Luther was mid-sentence. Something about community investment. Something about the future of High Peaks. His voice was amplified and steady and completely unaware.

The crack split the air.

It was louder than Noah expected. Sharper. The kind of sound that doesn't register as a gunshot until a half-second after you've already reacted to it. It bounced off the stone facade of the museum and came back as an echo that made it impossible to locate the source.

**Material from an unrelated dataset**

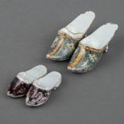 Twee paar Delfts aardewerk schoentjes, 18e eeuw -van elk paar is één schoen gelijmd, randchips-, lengte 11 en 7 cm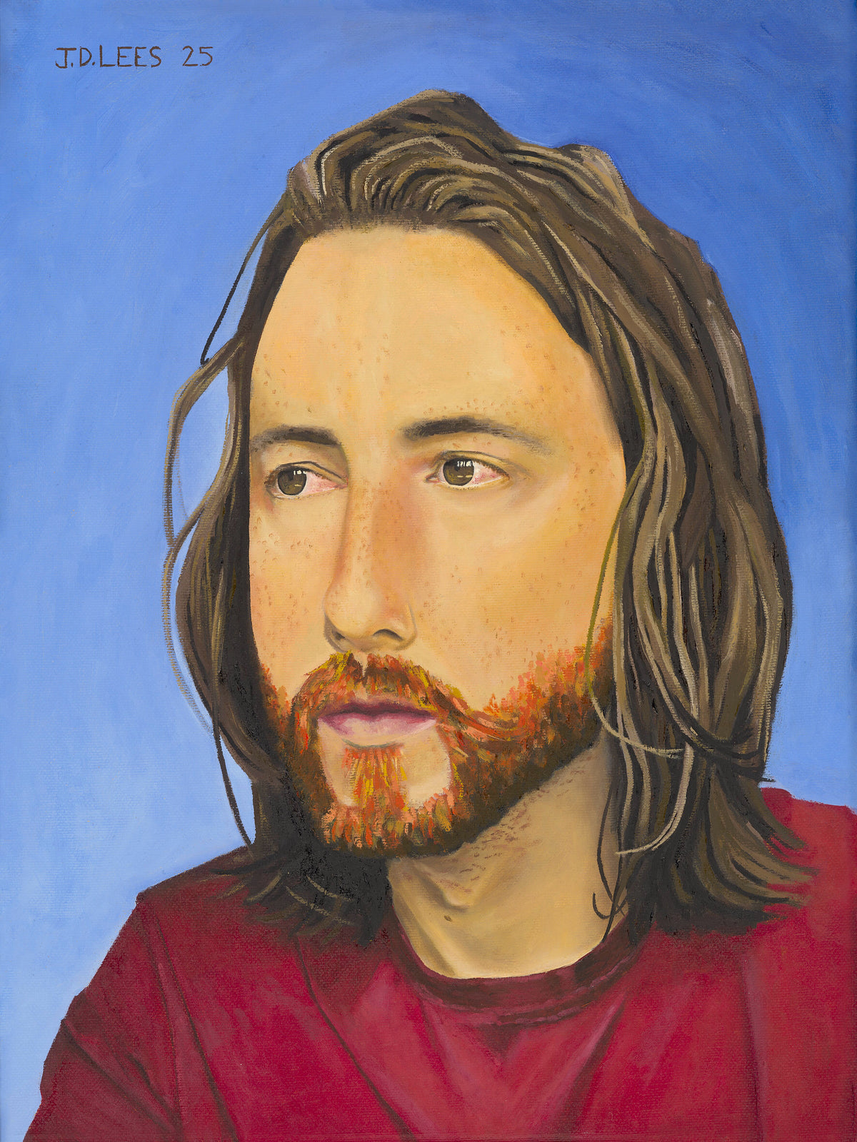 Having lived through moments where the boundaries between life and death felt uncertain, Jonathan brings a rare depth of perspective to his art. His self-portrait embodies that difficult chapter: glassy red eyes, a weary, distant gaze; and a dishevelled appearance - serving as a personal reminder of resilience and growth.

Noah dropped. Instinct kicked in. Muscle memory from two decades of training taking over before his conscious mind could process what was happening. His knees hit the grass. His hands went flat on the ground. He was already looking up, already tracking.

The crowd erupted.

Screams. Chairs toppled. People ran in every direction with no idea which direction was safe. A drinks table went over. Glass shattered on the flagstone path. A woman fell and someone tripped over her. Campaign signs blew sideways as bodies pushed past them. The amplified system let out a shriek of feedback as someone knocked the podium.

Two men in dark suits, Luther's private security, had Luther on the ground behind the stage. They had moved fast. Faster than the crowd. One was on top of him. The other was crouched with a handgun drawn, scanning the rooftops.